On 27 September 1996, 5AA was separated from the TAB and sold by the Government of South Australia as part of its asset sales program to repay state debt, 5 years after the $3 billion collapse of the State Bank. The new owner was DMG Radio Australia, with CEO Paul Thompson, which had national headquarters in Adelaide.

In 2000, another new logo was adopted with the slogan "Interactive Radio FIVEaa".

In October 2004, the station shifted to new premises in Hindmarsh Square alongside Nova 919, also owned by DMG Radio Australia, which had launched two months earlier.

In November 2009 DMG sold 50% of the station to Lachlan Murdoch's company Illyria, with Thompson becoming non-executive chairman for six months.

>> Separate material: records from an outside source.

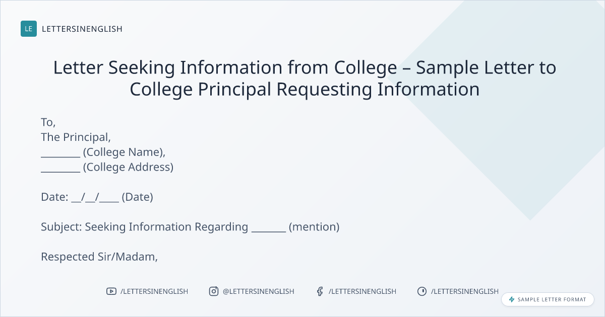 Letter Seeking Information from College – Sample Letter to College Principal Requesting Information
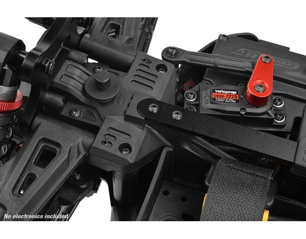 Der Spark verfügt über eine Reihe von Sonderausstattungen, vom Aluminium-Servoarmen über ein einteiliges Lenkgestänge aus Verbundwerkstoff bis hin zu einer Doppeldeck-Lenkungsplatte aus 3mm 7075 Aluminiumvon - dieser Buggy ist auf Präzision ausgelegt.
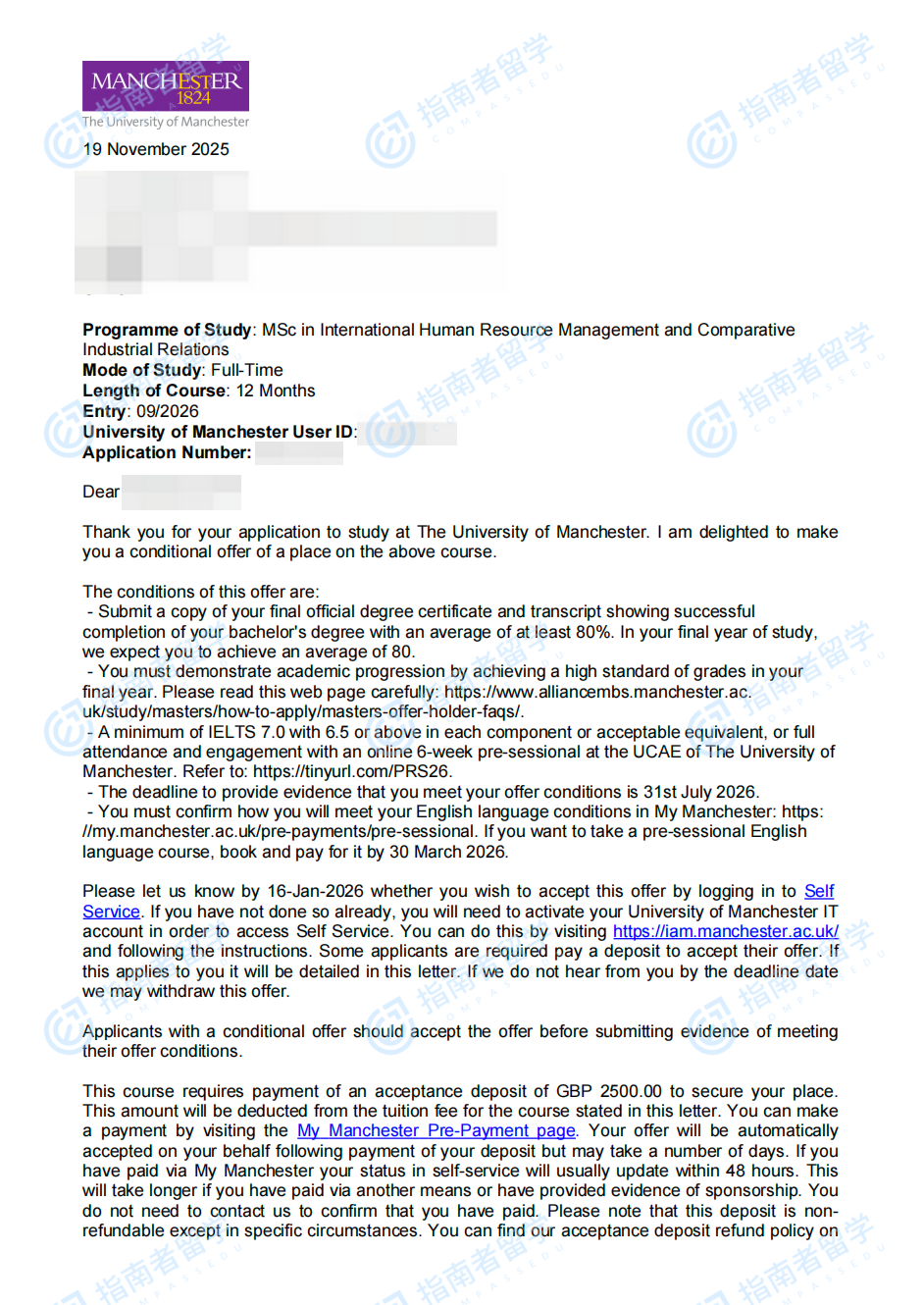 曼彻斯特大学国际人力资源管理与比较劳资关系理学硕士研究生offer一枚
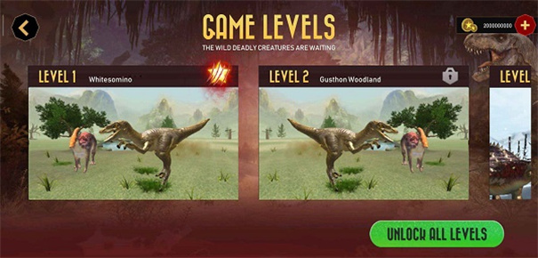 恐龙狩猎者是一款射击狩猎游戏,玩家在本作中的狩猎目标不再是那些比自己小或者与自己体型相当的野生动物,而是侏罗纪时代的陆上霸主恐龙,玩家将前往侏罗纪世界,利用手中能够倾泻强大火力的枪支将那些看起来十分可怕的恐龙逐一击倒。恐龙狩猎者提供了超过30只突击步枪与狙击枪,每种武器类型各占一半,且每只武器的属性与威力各不相同,玩家需要根据关卡中的情况选择合适的枪械,方可确保自己不会葬身龙口。当然,恐龙狩猎者也提供了众多恐龙种类可供玩家狩猎,其中不乏强大的霸王龙与会飞翔的迅猛翼龙,将给玩家的狩猎之旅带来十足的挑战。喜欢恐龙狩猎者的话,就快快下载游戏,加入狩猎恐龙的行列吧!
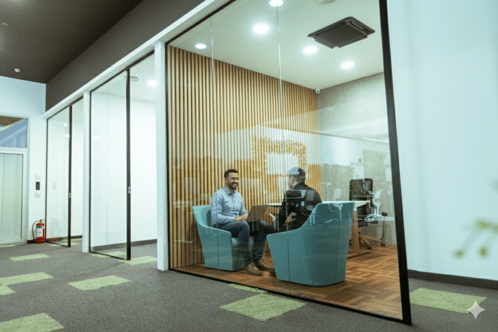Fully enclosed cabins crafted for individuals or small teams who need a quiet, secure, and distraction-free environment. Ideal for startups, founders, and teams who value focus and comfort.
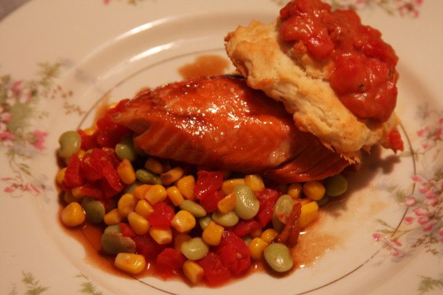 Unfortunately, I won’t be with my mom this Mother’s Day, but for those of you lucky enough to spend the day with your most-admired lady, here’s a savory meal that is tasty enough to impress, yet simple enough to stave off stress and enjoy time with Mom. Marinate salmon filets with a mix of bourbon and brown sugar, place in tin foil and grill until done. Serve over a simple succotash, with buttermilk biscuits and tomato gravy.
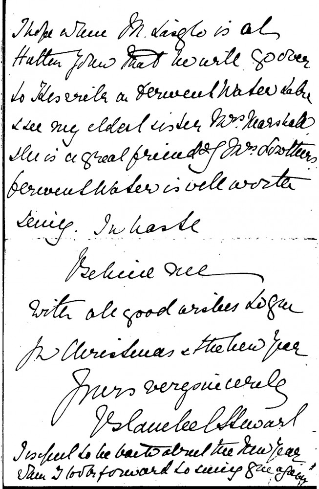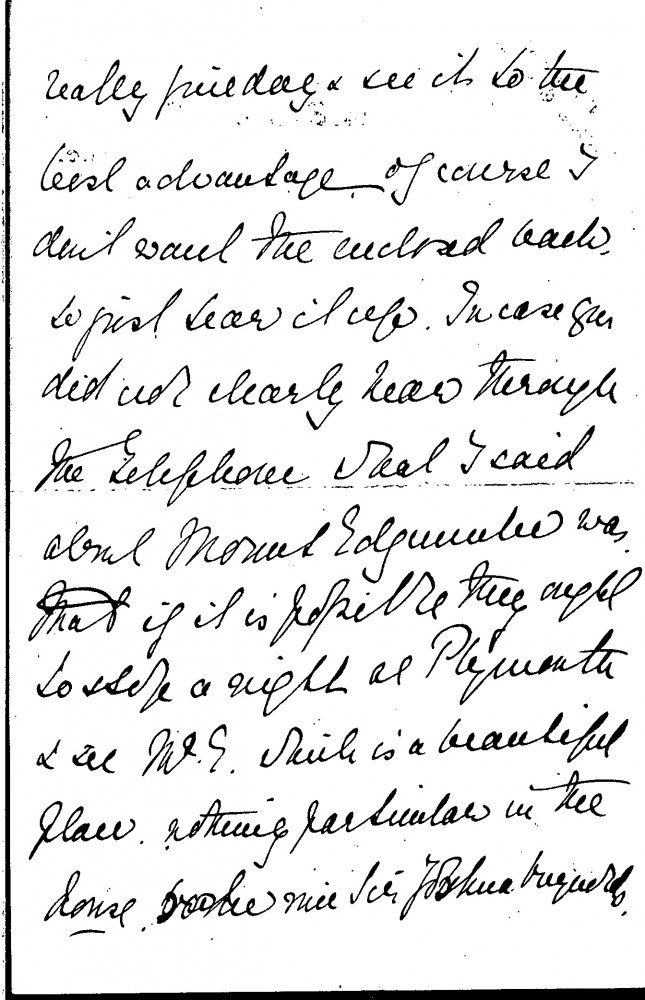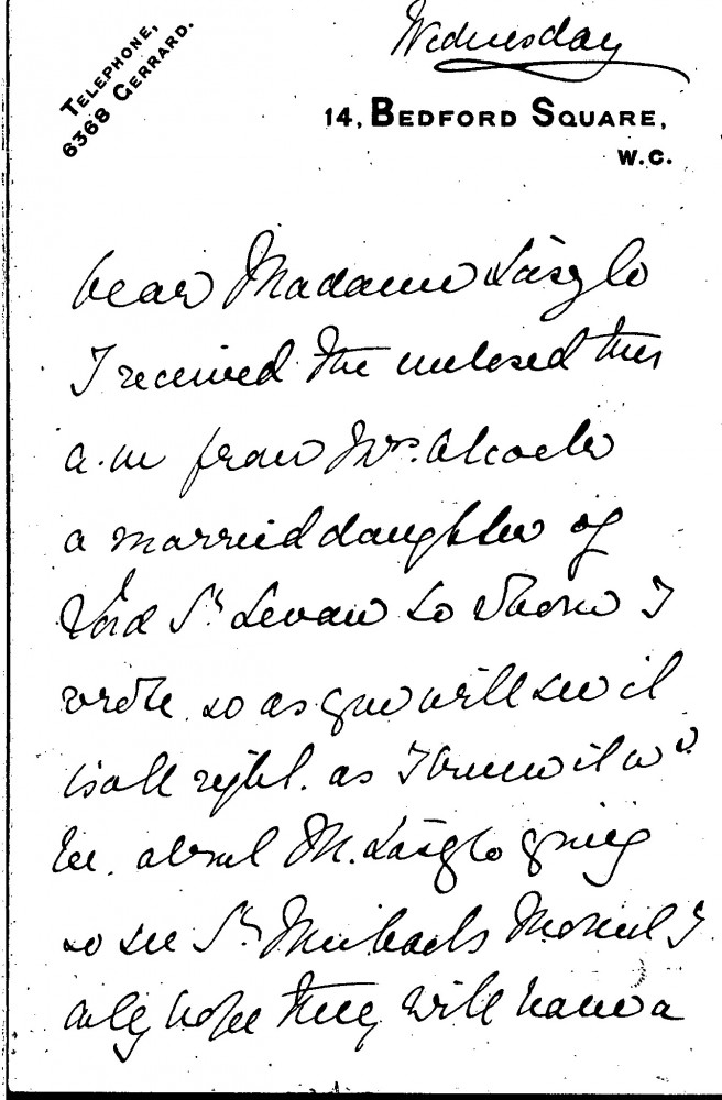 Undated letter from Blanche Stewart to Lucy regarding de László's travel plans in December 1907. Stewart has obtained approval from Lord St Levan's daughter for de László to see St Michael's Mount in Cornwall. She also suggests that de László and the painter Alfred East (East and de László travelled together to St Ives in December 1907), should stop by Mount Edgcumbe. Finally, she mentions that when de László is at Hutton John, he should call on her sister, who is a friend of the Lowthers

When Nova itself was acquired by Illyria in September 2012, it became the sole owner of the station.

In March 2024, FIVEAA rebranded with a new logo.

In 2025 FIVEAA Breakfast raised over $200'000 for Catherine House & The Hutt St Centre through the FIVEAA Breakfast Undie Drive.

In November 2025 Long-time Adelaide radio presenter Leon Byner died at the age of 77 following a battle with leukaemia.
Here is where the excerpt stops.